■ **PROBLEM DETAILS**:
Print the line containing "Today’s US nonfarm" and all lines after it, unchanged, through the end of the data. Leave the pictures out.

——————

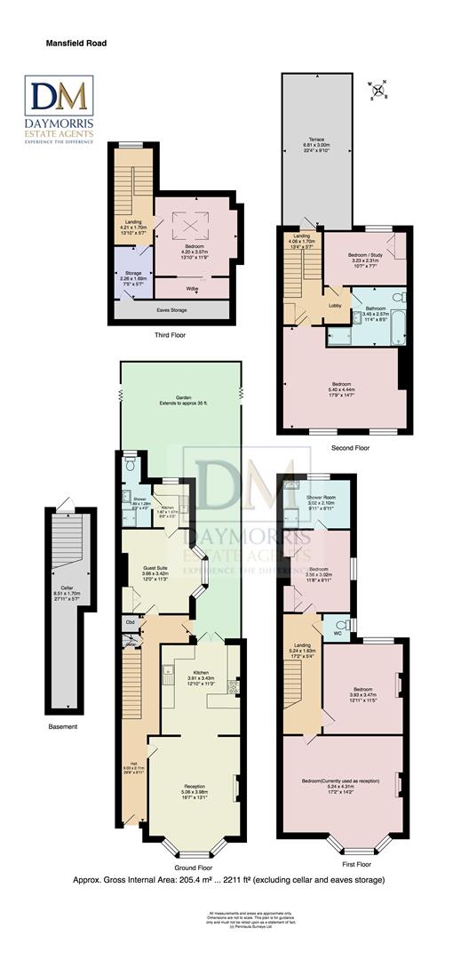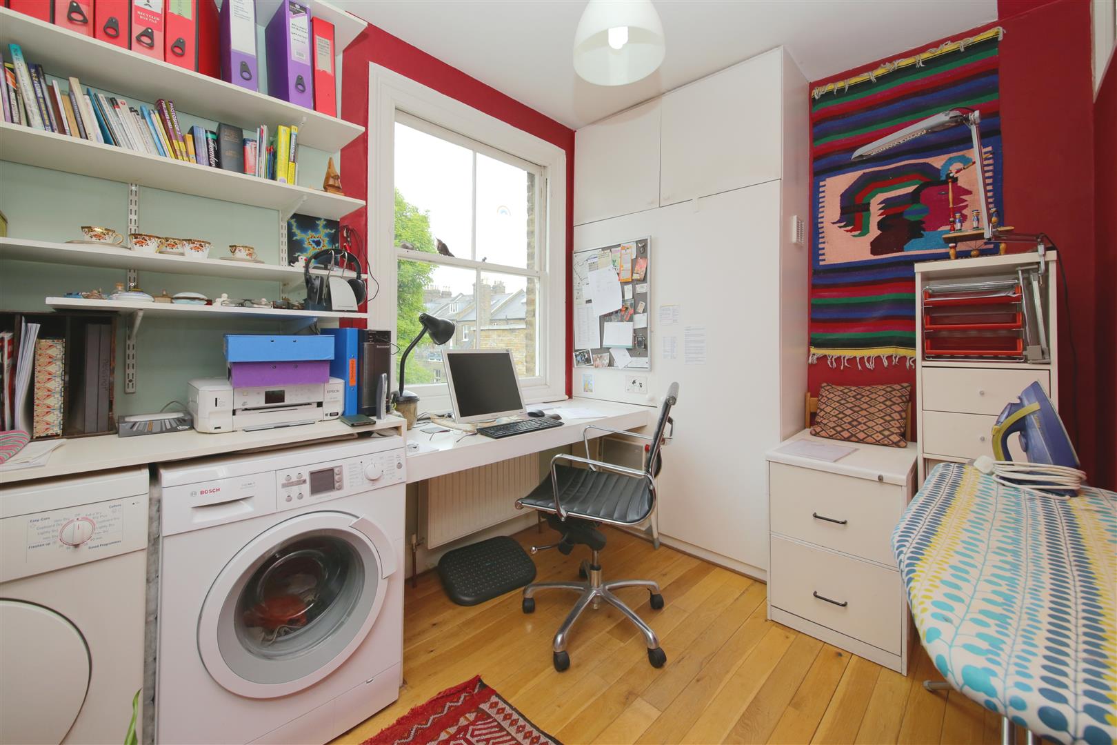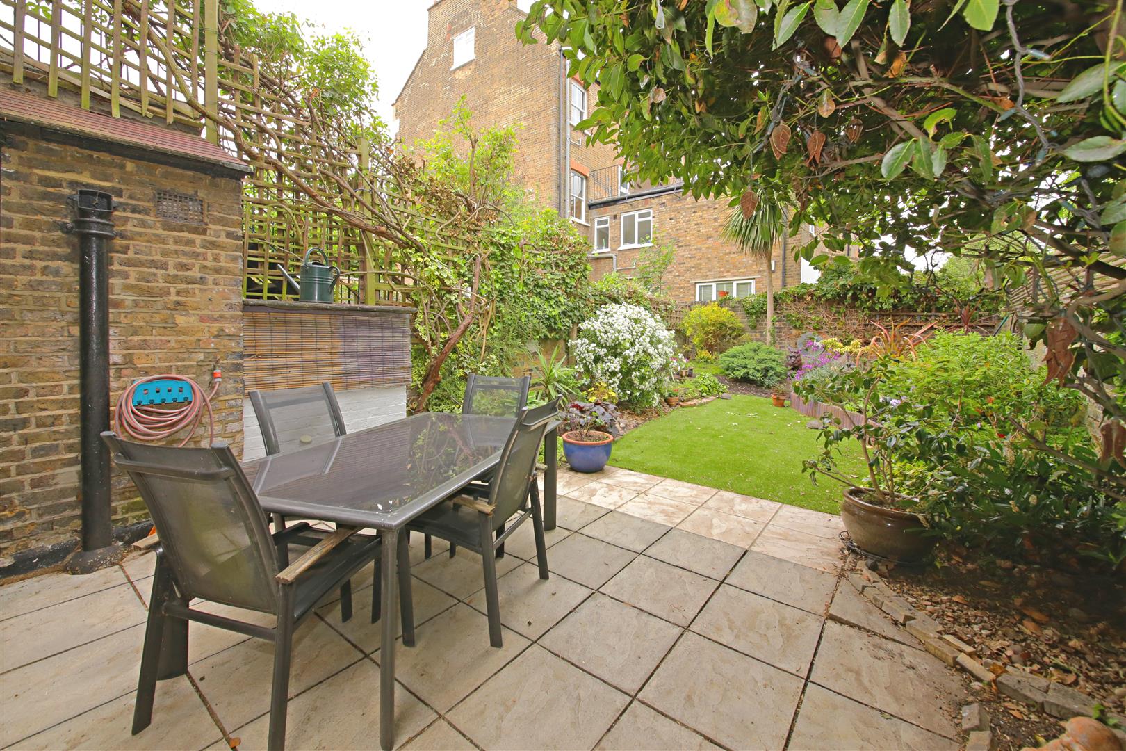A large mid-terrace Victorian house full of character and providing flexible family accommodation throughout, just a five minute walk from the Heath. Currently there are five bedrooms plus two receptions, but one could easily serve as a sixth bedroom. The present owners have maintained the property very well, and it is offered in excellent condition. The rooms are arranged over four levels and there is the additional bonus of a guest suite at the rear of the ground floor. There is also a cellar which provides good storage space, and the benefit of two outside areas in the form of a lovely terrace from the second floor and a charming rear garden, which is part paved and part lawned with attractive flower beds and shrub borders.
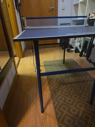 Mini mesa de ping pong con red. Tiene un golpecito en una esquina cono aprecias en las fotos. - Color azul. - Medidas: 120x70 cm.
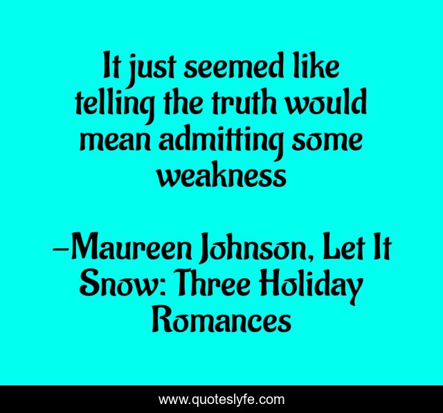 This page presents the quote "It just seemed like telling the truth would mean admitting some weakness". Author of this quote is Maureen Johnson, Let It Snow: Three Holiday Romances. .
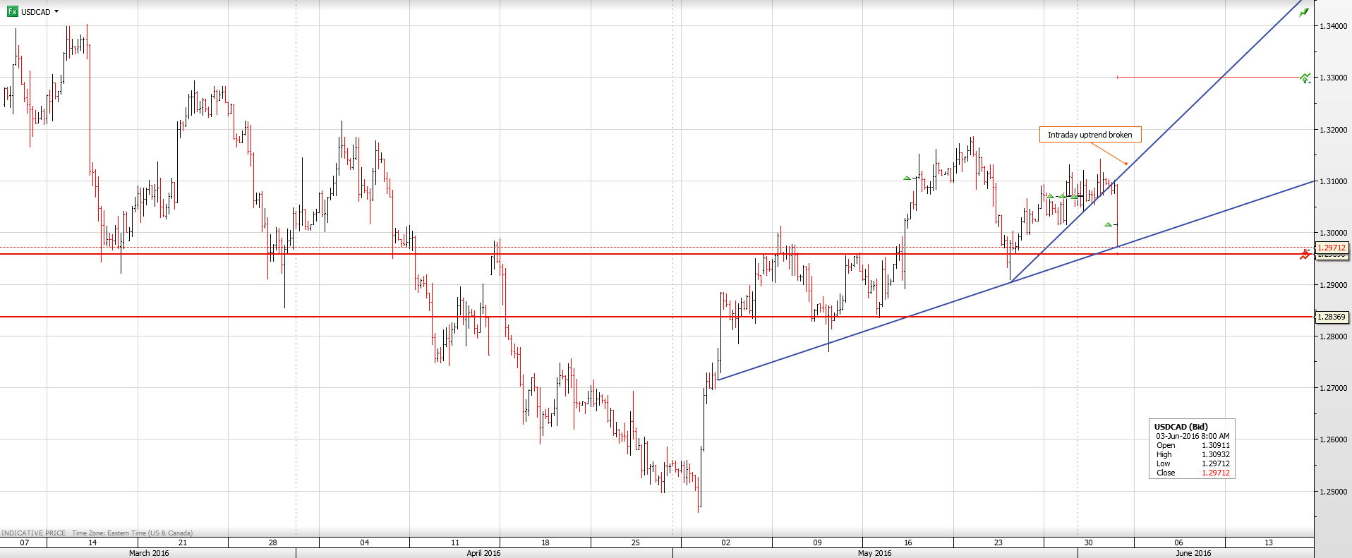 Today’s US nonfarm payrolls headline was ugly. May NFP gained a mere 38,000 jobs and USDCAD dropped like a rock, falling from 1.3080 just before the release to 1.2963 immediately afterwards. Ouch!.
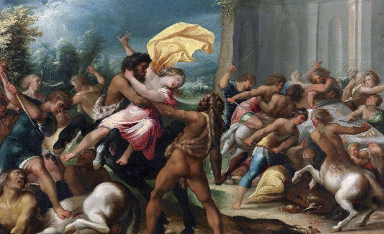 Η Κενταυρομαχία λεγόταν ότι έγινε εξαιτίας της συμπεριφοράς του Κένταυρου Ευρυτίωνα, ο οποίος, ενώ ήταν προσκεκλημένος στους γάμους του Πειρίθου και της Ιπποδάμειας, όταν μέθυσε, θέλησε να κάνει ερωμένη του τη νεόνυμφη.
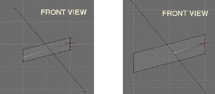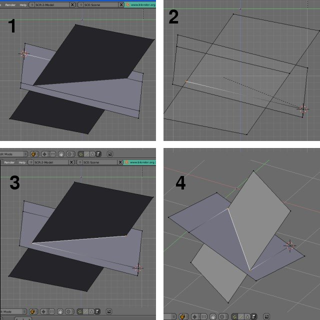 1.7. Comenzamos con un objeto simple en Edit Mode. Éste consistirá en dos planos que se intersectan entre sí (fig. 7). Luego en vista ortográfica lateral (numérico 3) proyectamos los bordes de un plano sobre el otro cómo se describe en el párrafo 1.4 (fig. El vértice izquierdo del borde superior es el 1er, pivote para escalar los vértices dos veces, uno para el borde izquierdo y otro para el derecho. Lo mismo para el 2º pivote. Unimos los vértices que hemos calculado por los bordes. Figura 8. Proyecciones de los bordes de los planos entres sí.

——————

■ **SOLUTION TO THIS TASK**:
 Today’s US nonfarm payrolls headline was ugly. May NFP gained a mere 38,000 jobs and USDCAD dropped like a rock, falling from 1.3080 just before the release to 1.2963 immediately afterwards. Ouch!.
 Η Κενταυρομαχία λεγόταν ότι έγινε εξαιτίας της συμπεριφοράς του Κένταυρου Ευρυτίωνα, ο οποίος, ενώ ήταν προσκεκλημένος στους γάμους του Πειρίθου και της Ιπποδάμειας, όταν μέθυσε, θέλησε να κάνει ερωμένη του τη νεόνυμφη.
 1.7. Comenzamos con un objeto simple en Edit Mode. Éste consistirá en dos planos que se intersectan entre sí (fig. 7). Luego en vista ortográfica lateral (numérico 3) proyectamos los bordes de un plano sobre el otro cómo se describe en el párrafo 1.4 (fig. El vértice izquierdo del borde superior es el 1er, pivote para escalar los vértices dos veces, uno para el borde izquierdo y otro para el derecho. Lo mismo para el 2º pivote. Unimos los vértices que hemos calculado por los bordes. Figura 8. Proyecciones de los bordes de los planos entres sí.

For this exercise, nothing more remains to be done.